GIVEN DATA >>
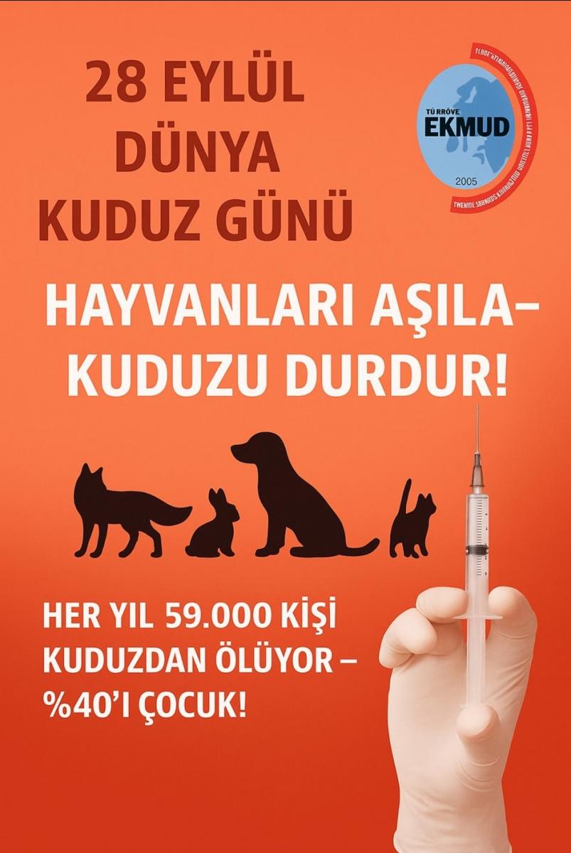 Türkiye EKMUD, 28 Eylül Dünya Kuduz Günü kapsamında bir basın bildirisi yayınlamıştır. Kuduz hastalığının önlenmesinde farkındalığı artırmayı ve toplumsal bilinci güçlendirmeyi amaçlayan bu bildiride, hastalıkla mücadelede koruyucu hekimliğin, aşının ve toplum sağlığı çalışmalarının önemi vurgulanmaktadır.
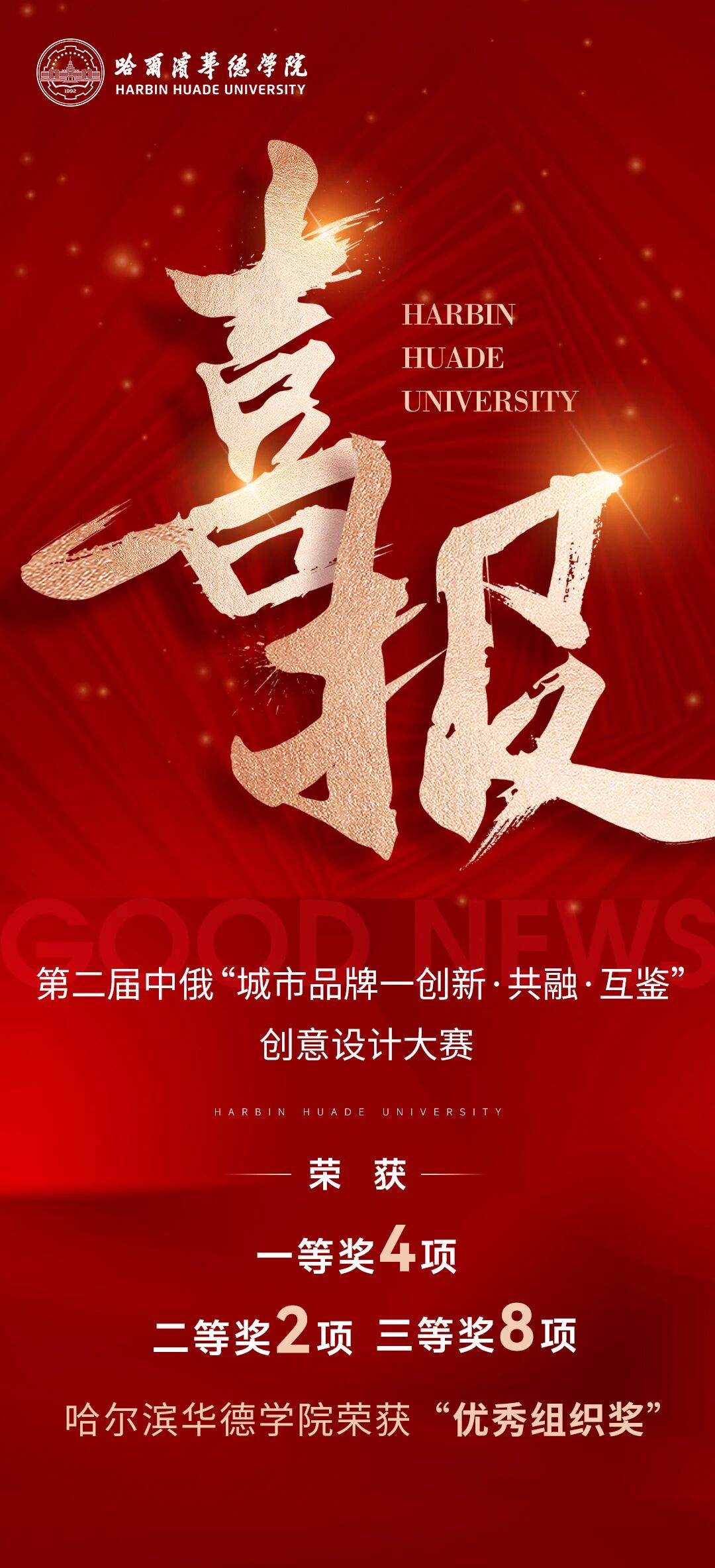 近日,第二届中俄“城市品牌一创新·共融·互鉴”创意设计大赛圆满落幕。哈尔滨华德学院艺术与传媒学院师生凭借扎实的专业功底与出色的创意表现,从41所参赛院校、1721份作品中脱颖而出,共斩获一等奖4项、二等奖2项、三等奖8项,三位教师获“优秀指导教师”荣誉称号,哈尔滨华德学院荣获“优秀组织奖”。这份成绩单不仅是对师生专业能力的肯定,更是艺术与传媒学院长期坚持“教赛结合、以赛促学”教学理念的生动体现。
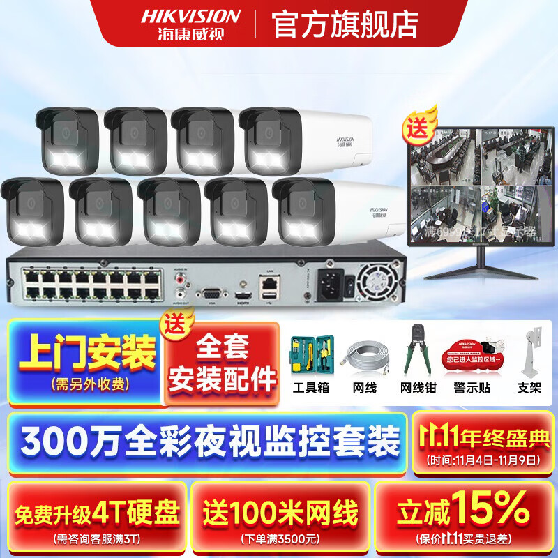【11台摄像头套装300万全彩夜视】可付费上门安装
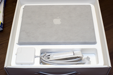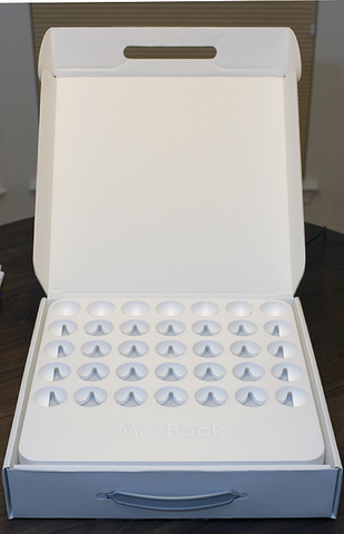 Despite the thin box they haven't skimped on the padding. The MacBook and instruction manual/CDs are protected on both sides by this eggshell crate styrofoam blocks.

WHAT THIS TASK INVOLVES >> With the images omitted, return the full material exactly.

RESPONSE FOR THIS EXERCISE >>
 Türkiye EKMUD, 28 Eylül Dünya Kuduz Günü kapsamında bir basın bildirisi yayınlamıştır. Kuduz hastalığının önlenmesinde farkındalığı artırmayı ve toplumsal bilinci güçlendirmeyi amaçlayan bu bildiride, hastalıkla mücadelede koruyucu hekimliğin, aşının ve toplum sağlığı çalışmalarının önemi vurgulanmaktadır.
 近日,第二届中俄“城市品牌一创新·共融·互鉴”创意设计大赛圆满落幕。哈尔滨华德学院艺术与传媒学院师生凭借扎实的专业功底与出色的创意表现,从41所参赛院校、1721份作品中脱颖而出,共斩获一等奖4项、二等奖2项、三等奖8项,三位教师获“优秀指导教师”荣誉称号,哈尔滨华德学院荣获“优秀组织奖”。这份成绩单不仅是对师生专业能力的肯定,更是艺术与传媒学院长期坚持“教赛结合、以赛促学”教学理念的生动体现。
【11台摄像头套装300万全彩夜视】可付费上门安装
 Despite the thin box they haven't skimped on the padding. The MacBook and instruction manual/CDs are protected on both sides by this eggshell crate styrofoam blocks.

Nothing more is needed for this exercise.